Import the self-signed tcserver.jks X509 format certificate into the tc Server keystore:

> keytool -import -alias tcserver -keystore tcserver.jks -trustcacerts -file tcserver.crt
Enter keystore password:
Certificate reply was installed in keystore

Verify that the Owner and Issuer CNs and Alias names are correct. To verify the keystore certificates:

> keytool -v -list -keystore tcserver.jks
Enter keystore password:

Keystore type: JKS
Keystore provider: SUN

Your keystore contains 2 entries

Alias name: root
Creation date: Dec 28, 2011
Entry type: trustedCertEntry

Owner: EMAILADDRESS=root@localhost, CN=my own root ca, OU=tse, O=vmware, L=sf, ST=ca, C=us
Issuer: EMAILADDRESS=root@localhost, CN=my own root ca, OU=tse, O=vmware, L=sf, ST=ca, C=us
Serial number: a61aeec2cb911331
Valid from: Wed Dec 28 11:56:23 PST 2011 until: Thu Dec 27 11:56:23 PST 2012
Certificate fingerprints:
MD5: BD:BA:AD:3B:BD:60:83:B2:0B:10:28:FA:16:3E:75:EC
SHA1: 5C:C3:CB:05:5B:B0:89:80:21:FD:7B:9F:D3:C6:35:9D:5C:05:B2:30
Signature algorithm name: SHA1withRSA
Version: 1


*******************************************
*******************************************


Alias name: tcserver
Creation date: Dec 28, 2011
Entry type: PrivateKeyEntry
Certificate chain length: 2
Certificate[1]:
Owner: CN=w1-s2porthos.eng.vmware.com, OU=tse, O=vmware, L=sf, ST=ca, C=us
Issuer: EMAILADDRESS=root@localhost, CN=my own root ca, OU=tse, O=vmware, L=sf, ST=ca, C=us
Serial number: 2
Valid from: Wed Dec 28 12:05:04 PST 2011 until: Thu Dec 27 12:05:04 PST 2012
Certificate fingerprints:
MD5: 34:A1:A1:C2:16:9A:AA:35:EB:24:12:1D:6A:F2:5F:17
SHA1: 8F:30:E6:56:DF:0B:9D:5C:CE:37:B6:84:2C:2D:F1:E7:12:06:BF:C2
Signature algorithm name: SHA1withRSA
Version: 1
Certificate[2]:
Owner: EMAILADDRESS=root@localhost, CN=my own root ca, OU=tse, O=vmware, L=sf, ST=ca, C=us
Issuer: EMAILADDRESS=root@localhost, CN=my own root ca, OU=tse, O=vmware, L=sf, ST=ca, C=us
Serial number: a61aeec2cb911331
Valid from: Wed Dec 28 11:56:23 PST 2011 until: Thu Dec 27 11:56:23 PST 2012
Certificate fingerprints:
MD5: BD:BA:AD:3B:BD:60:83:B2:0B:10:28:FA:16:3E:75:EC
SHA1: 5C:C3:CB:05:5B:B0:89:80:21:FD:7B:9F:D3:C6:35:9D:5C:05:B2:30
Signature algorithm name: SHA1withRSA
Version: 1


*******************************************
*******************************************


Next, we must import the self-signed root CA certificate (myca/ca/myca.crt) into the client browser to establish a complete chain of trust.

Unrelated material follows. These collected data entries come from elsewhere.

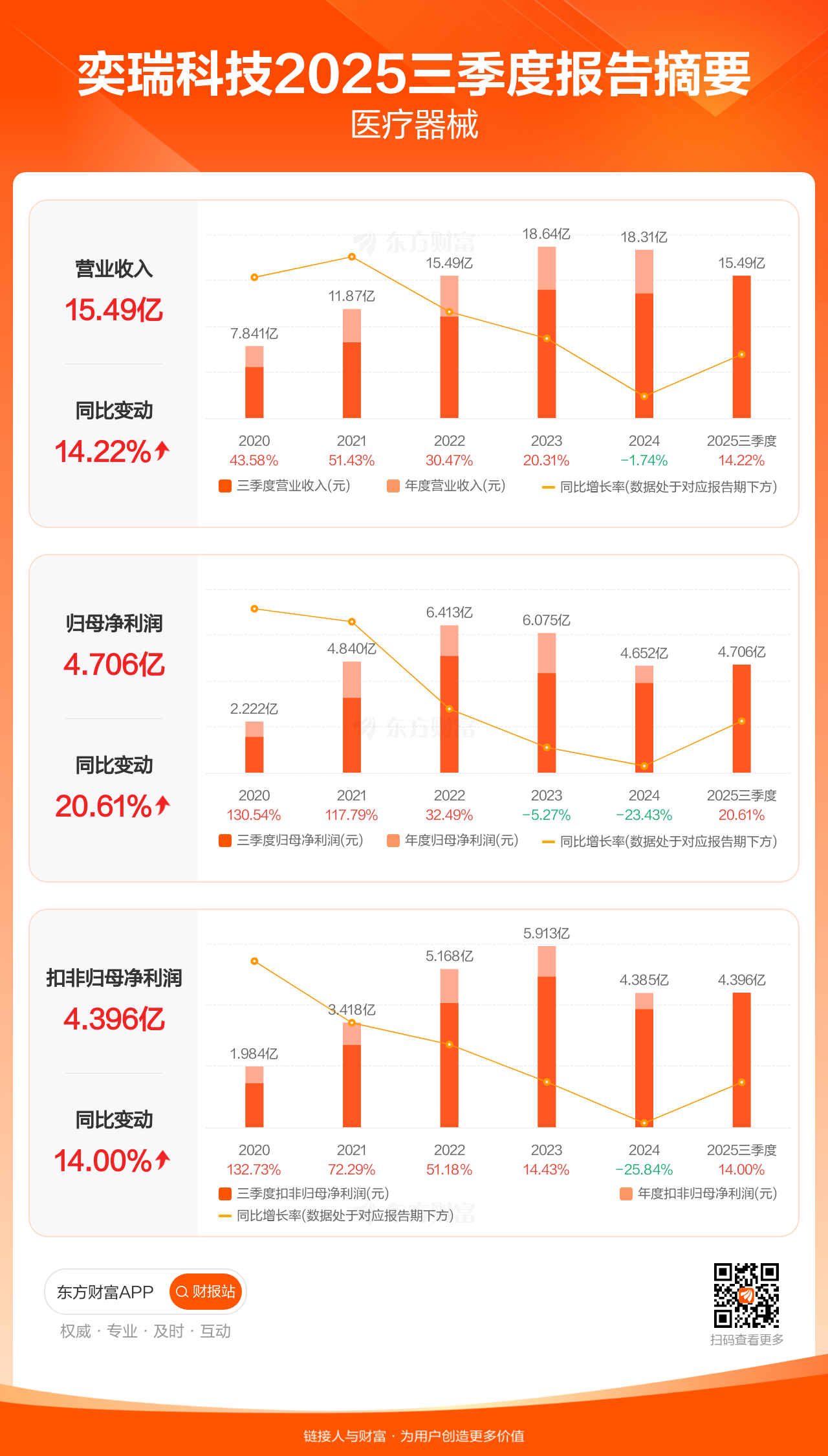 奕瑞科技10月29日发布2025年三季报显示,公司前三季实现营业收入15.49亿元,同比增长14.22%;归母净利润4.71亿元,同比增长20.61%;扣非归母净利润4.40亿元,同比增长14.00%。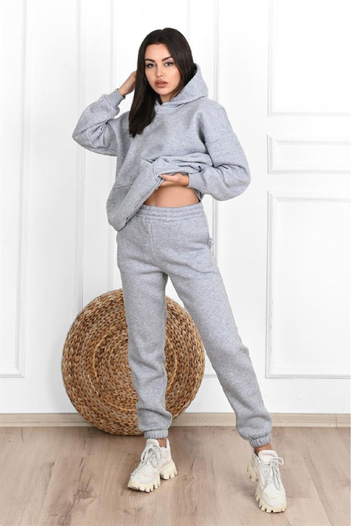 Düz Basic Eşofman Takımı Sweatshirt Jogger - Gri Oversize Şardonlu Kapüşonlu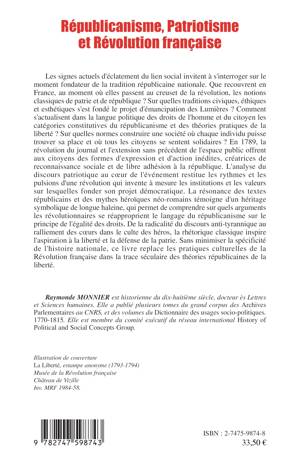 Les signes actuels d'éclatement du lien social invitent à s'interroger sur le moment fondateur de la tradition républicaine nationale. Que recouvrent en France, au moment où elles passent au creuset de la révolution, les notions classiques de patrie et de république ? Sur quelles traditions civiques, éthiques et esthétiques s'est fondé le projet d'émancipation des Lumières ? Ce livre replace les pratiques culturelles de la Révolution française dans la trace séculaire des théories républicaines de la liberté.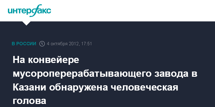 Казань. 4 октября. INTERFAX.RU- Днем в четверг работники мусороперерабатывающего завода Казани обнаружили на конвейерной ленте человеческую голову.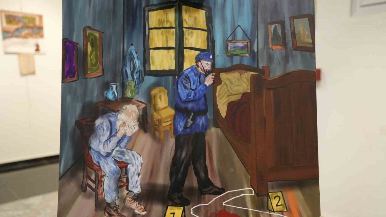 Uzun yıllar boyunca resim çizdiğini ve son 3 senedir profesyonel olarak çalışmalar yaptığını ifade eden polis memuru Bekir Akçagöz, "Polis genellikle toplumda tek yönlü olarak bilinir. Sadece polis kimliğiyle tanınır. Bizim amacımız sadece polis kimliği ile değil, farklı şeyler de yapabildiğini göstermek. Daha derinliği, daha estetik kaygısı olduğuna değinmek. Diğer polis arkadaşlarımıza emsal teşkil etmek istedik. Sergide benim yağlı boya, kuru fırça çizimlerim var. Tükenmez kalem çizimlerim var. Diğer polis arkadaşımın dijital çizimleri var. Minyatür çalışıyor. Modern sanatı ve dijital sanatı, eski sanatı birleştirmeye çalışıyor. Güzel eserleri var onun da. Ben küçüklüğümden beri resim çiziyorum. Ama bunu profesyonel denilecek seviyeye yaklaşık 3 yıl önce getirdim. Polislikten kalan boş zamanlarda sanatla uğraşabiliyoruz, çizim yapabiliyoruz" dedi.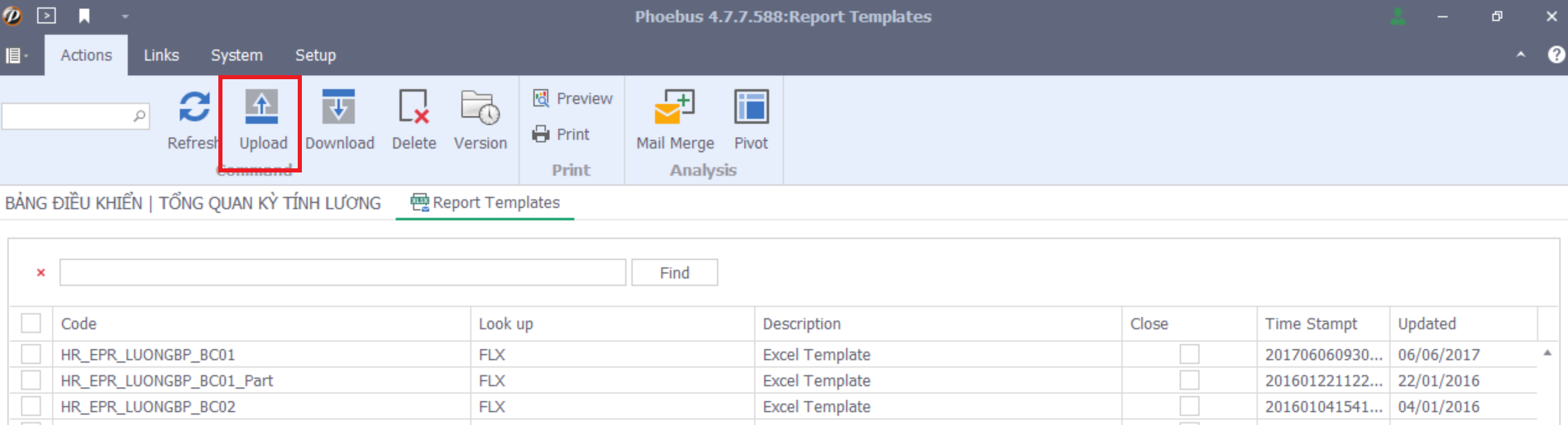 B4. Upload file lên hệ thống, bằng cách gõ lệnh pbs.BO.Report.Templates vào ô lệnh (xem ảnh minh hoạ) -> enter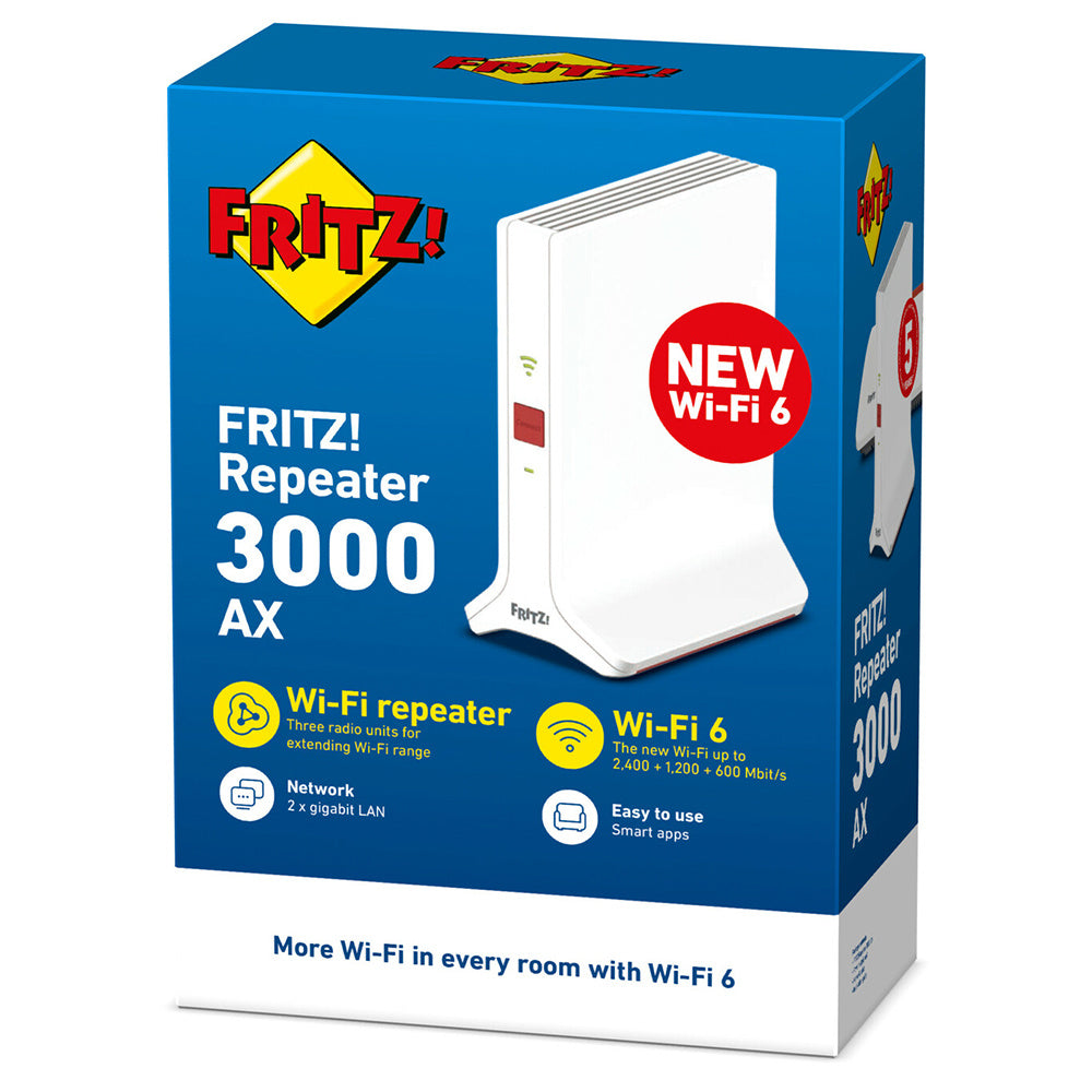 Met drie radio-eenheden, die in totaal een gegevensoverdracht van tot 4.200 Mbit/s kunnen bereiken, zorgt de repeater voor een stabiele verbinding en een maximale bandbreedte voor alle verbonden Wi-Fi-apparaten. Tegelijkertijd verhoogt de FRITZ!Repeater 3000 AX het bereik van het Wi-Fi-netwerk en zorgt voor een perfecte dekking tot in de verste hoekjes in huis.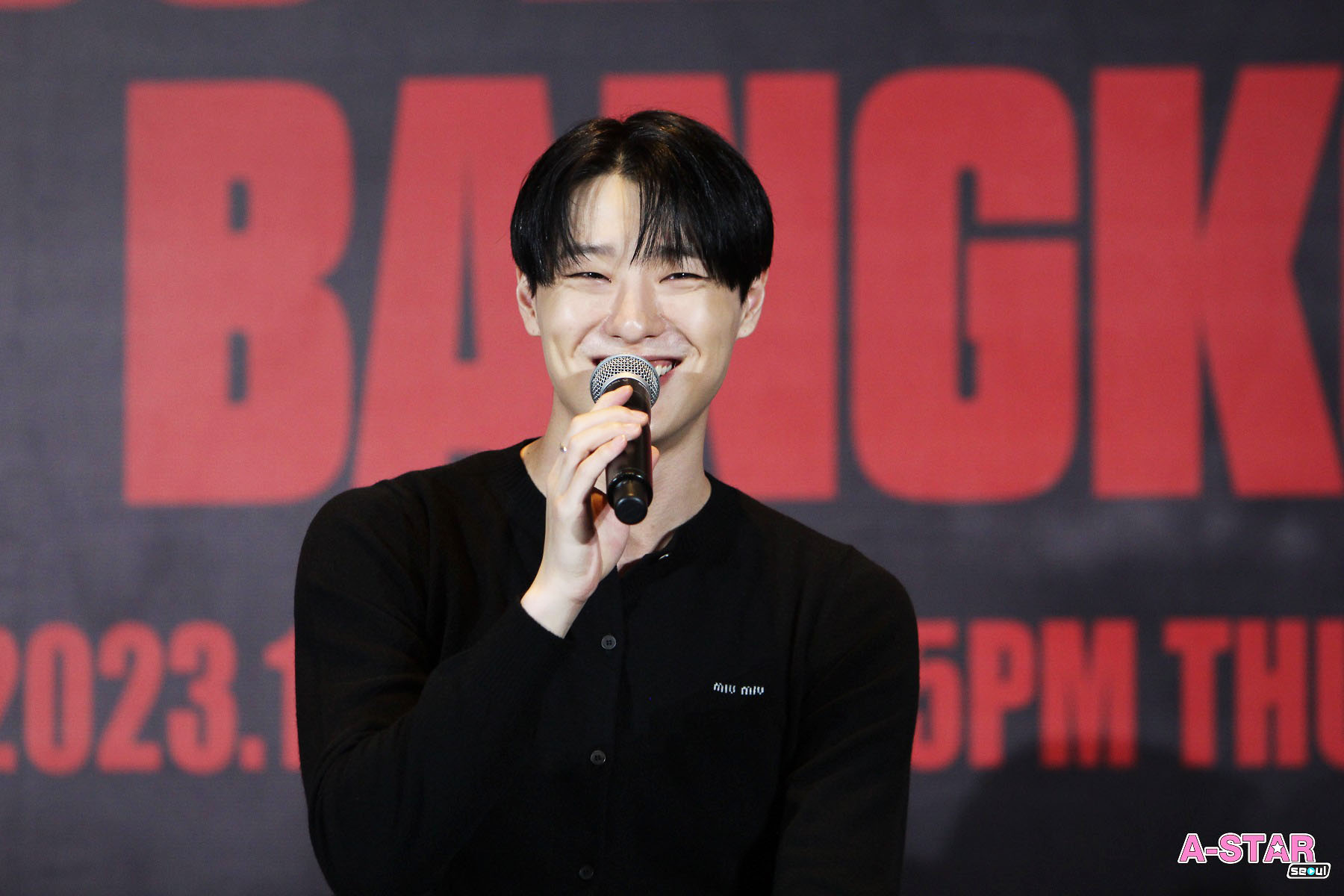และในฐานะที่ WOODZ มาประเทศไทยหลายครั้ง เลยอยากจะให้มีคำภาษาไทยพิเศษๆ พูดกับแฟนๆ ชาวไทยหน่อย ซึ่งเจ้าตัวก็ถามแฟนๆ ว่า อยากได้ยินคำไหนอ่ะ มีมู้ดจึในห้องแถลงข่าวบอกว่าอยากได้ยินคำว่ารัก เจ้าตัวเลยสวนกลับไปทันควันเป็นภาษาไทยว่า "ผมรักคุณ" (กรี๊ดสิคะ รออะไร) โดยที่เอ็มซียังได้เตรียมประโยคสุดจึ้งมาให้ WOODZ ด้วยนั่นก็คือ "คนที่หล่อขนาดนี้ เป็นของคุณนะ" และขอโทนเสียงในแนวอบอุ่นๆ เซ็กซี่ๆ อีกต่างหาก ซึ่งเจ้าตัวก็ไม่ขัดความประสงค์ จัดให้ตามต้องการ "คนที่หล่อขนาดนี้ เป็นของคุณนะ" กรี๊ดกันกระจายแล้ว ในช่วงท้ายหนุ่ม WOODZ ก็ขออวยพรวันคริสต์มาสและปีใหม่ล่วงหน้าที่ทำเอาเหล่ามู้ดจึถึงกับน้ำตาซึม "ปี 2023 เหลือแค่ไม่กี่วันแล้ว ปีหน้า 2024 ก็อยากให้ทุกๆ คนสมหวัง มีแต่เรื่องดีๆ มีแต่ความสุขและก็อยากให้ทุกคนรักษาสุขภาพ และก็อย่างที่ทุกท่านทราบ พวกเราก็อาจจะไม่ได้เจอกันสักพักนึงใช่มั้ยครับ (ไปเข้ากรม) ผมก็จะเต็มที่กับทุกๆ อย่าง ทุกๆ งานที่ผมจะได้ทำในปีหน้า อยากให้ทุกคนรักษาสุขภาพและดูแลตัวเองด้วย" และเจ้าตัวก็ไม่พลาดที่จะอวยพรเป็นภาษาไทยว่า "ขอให้มีความสุขในวันคริสต์มาสและปีใหม่นี้ครับ" โดยหนุ่ม WOODZ พูดตามเอ็มซีทีละท่อนเลยโดนเอ็มซีนุ้ยอำว่า อูจึ เป็นคนที่ความจำดีมากเลย อยากให้พูดทั้งประโยคใหม่อีกครั้งนึง ซึ่งเจ้าตัวก็พูดกลับมาว่า "Merry Chirstmas" แบบว่าหัวไว ตบมุขกลับได้ทันควัน 555

To import the root CA into Firefox 8:
  1. Click Tools > Options > Advanced > Encryption > View Certificates > Authorities > Import...
  2. Select myca.crt, and select all the trust boxes.
Note: Depending on the browser software and version used, the process for importing the CA certificate varies.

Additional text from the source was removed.